The sad thing is that a local engineer had costed a tunnel instead of the cable-stayed bridge that they are currently building downstream, and it came out cheaper, and of course could be used regardless of weather. But the politicians had paid for a study which was based on the assumption that a bridge would be needed, and so it is. It is claimed to be usable in all weather conditions, but I expect that within a year that will be shown to be a lie. But the tunnel proposal will be conveniently forgotten.
Meanwhile the existing road bridge remains closed for a while yet because its designers appeared to be somewhat ignorant of metal fatigue. I can just imagine the chaos at the Kincardine bridge and the mediocre roads from there into Fife.
A tunnel would have been truly interesting. While the costing was for one of those that you build on shore and sink into a trench on the sea bed, bored tunnels are very much in fashion right now.

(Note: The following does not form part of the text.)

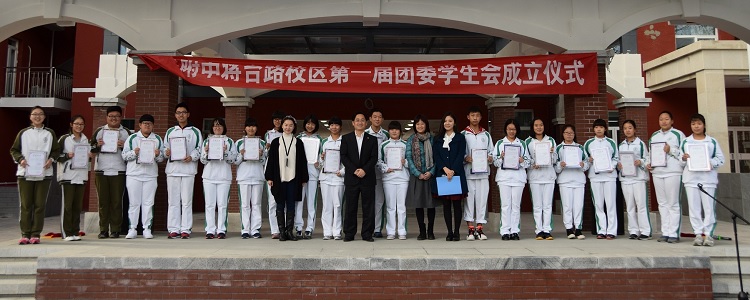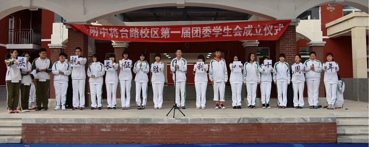 10月28日,皇冠体育将台路校区团委学生会成立仪式在新建成的操场上举行。以长征胜利八十载的契机,寓意团委学生会将踏上新征途。高二和初三年级全体同学380余人参加了本次活动。
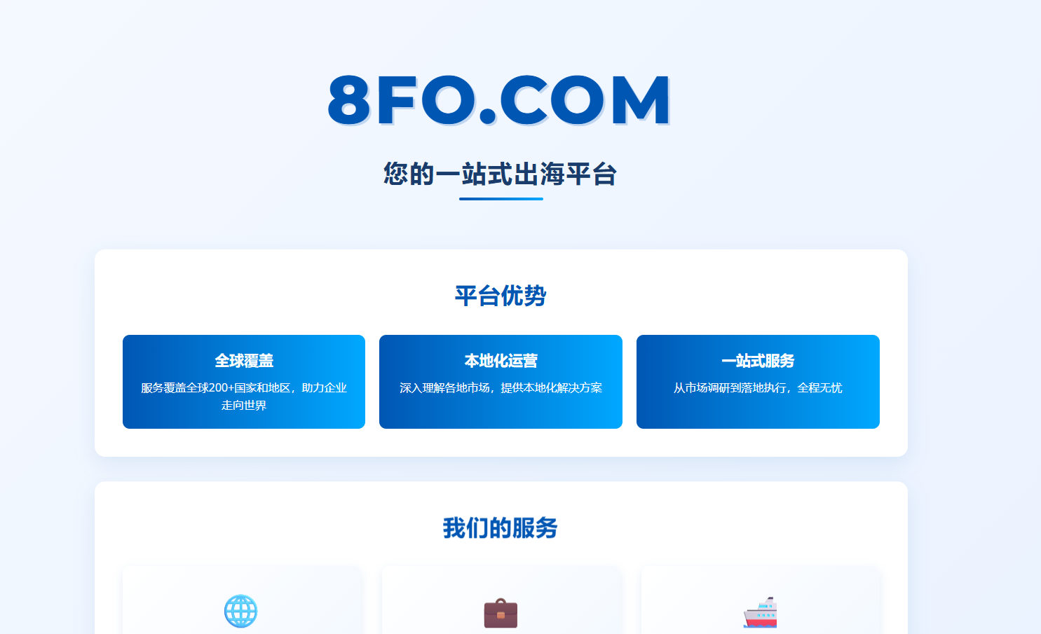 8FO.COM 成立于2003年6月29日,是全球最早的B2B数字贸易平台之一。经过二十年的深厚积淀,我们于2023年开启战略性升级,正式转型为 "AI驱动、跨境赋能、园区深耕" 三位一体的新一代全球资源智能流通生态。 注册成立: 2003年6月29日 战略升级: 2023年启动AI+跨境+园区新战略 核心定位: 二十年产业连接者 · 新一代智能生态构建者

A TBM would need rather hard teeth for boring through whinstone, but I think that is possible with carbide teeth. Might need impact action, possible with hydraulics, but not good for the workers, so it would probably have to be remotely controlled. But why not? It would just be a combination of existing proven technologies put together for the first time. If an innovator like Greathead (inventor of the tunnelling shield, forerunner of the TBM) was alive today, he would jump at the chance.
I confidently predict that when the road bridge fails completely, as it will, there will be such public outcry that its replacement will be a tunnel. (It is still needed in current plans, when the new bridge opens.) What will bring down the 1960s bridge will be the direct result of politics.